I just…wanted people to learn about fishing, snapper racks and the joys of reading on the water. I never wanted this.


People Should Sail More

There are a great many materials that aren’t good for boats. Paper is definitely one of them…but after yesterday’s fiasco, everyone knows that. It still happens every year, we try to tell them not to, but…they still do it! What a joy, year after year.

Still, I feel like boats are steadily growing more and more obscure every year. Maybe that’s because they’re a bit of a commitment, and the whole world now runs on activities that can be completed with your butt in a seat. Still…it’s not exactly a golden age of boating. Ask your average person in Melbourne about anchor winch maintenance, and they won’t really know because they’ve never been taught. It seems as if the only way you know about boating culture is if you were born into it.
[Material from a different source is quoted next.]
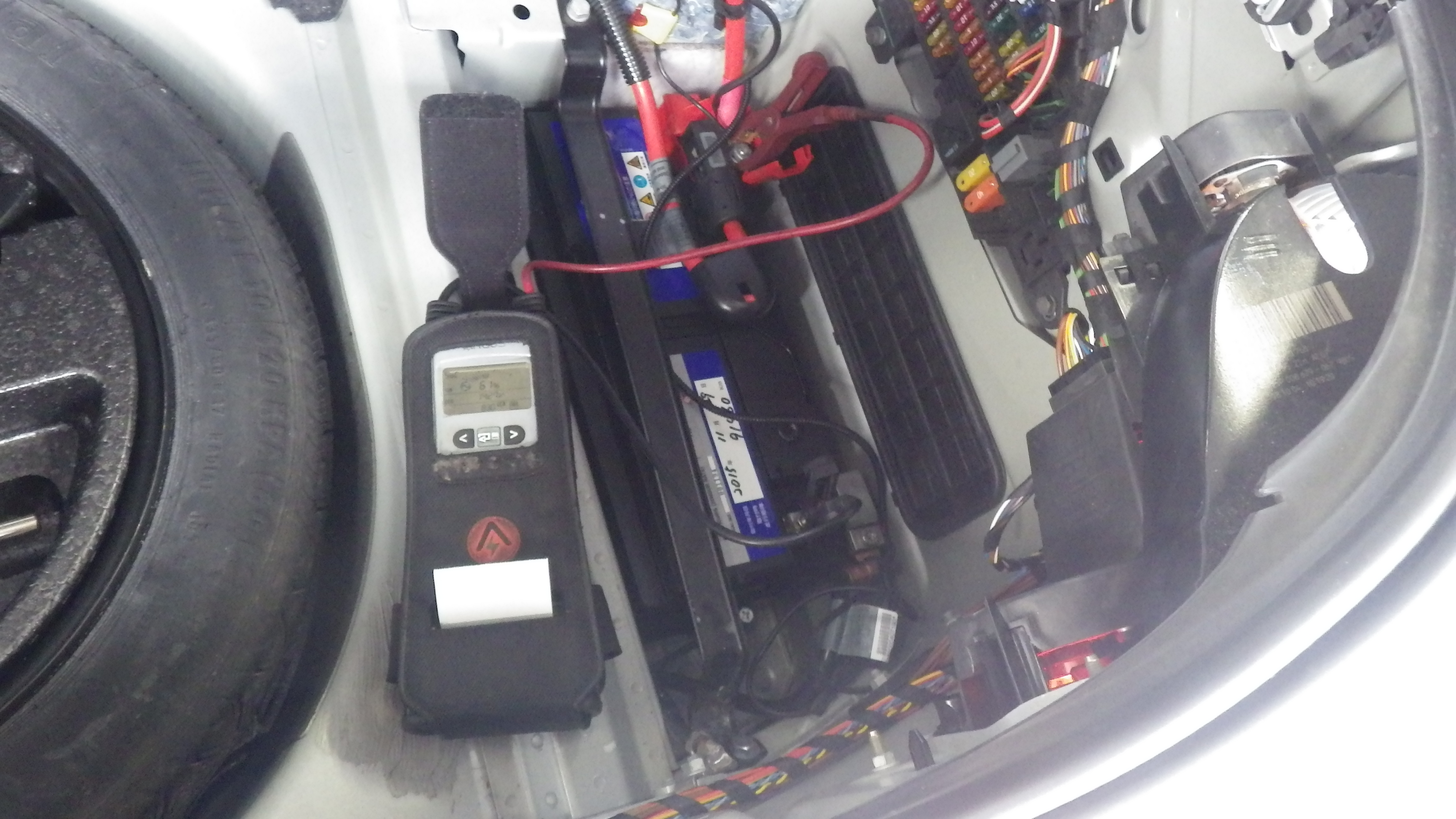 テスターにてバッテリーの点検を実施しています。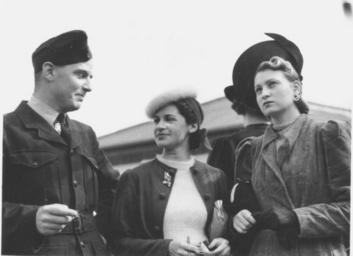 | Keywords: StateLibQld 1 124915 Mr. D. W. H. Kenyon, Joan Charters and June Shepherd at the Doomben Races, Brisbane, 1940.jpg en Mr D W H Kenyon Joan Charters and June Shepherd at the Doomben Races Brisbane 1940 Caption 'Trio who chatted together on the lawn yesterday afternoon at Doomben left to right Mr D W H Kenyon of the R A A F Joan Charters and June Shepherd ' Mr Kenyon appears to be wearing his R A A F uniform while Miss Charters is wearing a jacket over a cashmere sweater and a fur lined toque tied at the back of her head with a bow Miss Shepherd is wearing a long fur-like coat matched with a dramatic hat with an upturned brim 1940-08-03 handle 10462/deriv/81602 Copied and digitised from an image which appeared in the Sunday Truth 4 August 1940 p 18 Contributor s Truth Brisbane Qld PD-Australia StateLibQld-License Doomben Racecourse Women's clothing of Australia Men's clothing of Australia Military uniforms of Australia Headgear of Australia People with hats 1940 in Australia Hats Black and white photographs Images from Sunday Truth Fur fashion in 1940 Fur headgear Mole clothing |

Maybe I’m wrong, and that’s just the way it’s always been. Or maybe I’m projecting! Perhaps my love of the sea is clouding my judgement, and I just think everyone should like the same things as me. Still, I really do genuinely believe that people are missing out. There’s no feeling quite like cruising around a bay in your very own vessel, or even just going for a ride in someone else’s. For creatures with no real swimming ability compared to the species that live in the sea, it sure does feel right to be out there, with the wind in your face and the sea spray all around. People have always loved the sea; it’s why so many cities are built right next to them. Well, that and trade.

Okay, so maintaining your own boat is a chore at times. Melbourne based outboard motor repairs companies are pretty good, though…it’s not like you won’t find someone to help you out.

I don’t know. I just think everyone should try owning a boat, or at least getting down to the docks every once in awhile. You’ll almost certainly have a great time.